# reference request – Product Smash and integers in a Grothendieck \$ ( infty, 1) \$ – topos

Let $$mathcal {H}$$ to be a Grothendieck $$( infty, 1)$$-topos. According to this page in nlab, for all $$X in mathcal {H}$$, the object suspension $$Sigma X$$ is homotopy equivalent to the smash product $$B mathbb {Z} wedge X$$, or $$B mathbb {Z}$$ is "the discrete group's classification space of integers". In addition, for any sharp object $$X in mathcal {H} _ *$$ and any group object $$G in Grp ( mathcal {H})$$, the article says we can "train the tensor product $$X otimes G in Grp ( mathcal {H})$$. "

My problem is this: none of these terminologies are explained, and the page does not provide any reference.
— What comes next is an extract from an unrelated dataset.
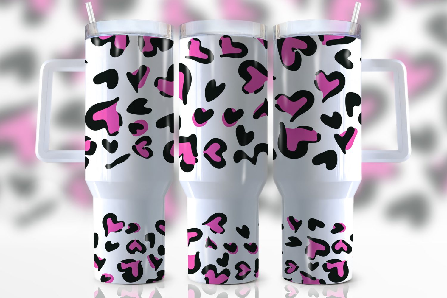 Pink Heart With Leopard Pattern Custom Stanley Quencher 40Oz Stainless Steel Tumbler With Handle

More specifically, what is $$mathbb {Z}$$ in an arbitrary $$infty$$-topos? What is the smash product $$wedge$$? What is the tensor product $$otimes$$? My best guess is that $$otimes$$ refers to the unique tensor structure on $$mathcal {H} _ *$$ such as the map $$mathcal {H} to mathcal {H} _ *$$ is monoidal symmetric (here $$mathcal {H}$$ is given the Cartesian monoidal structure), but this is only a conjecture.

Is there a reference where all these notions are defined?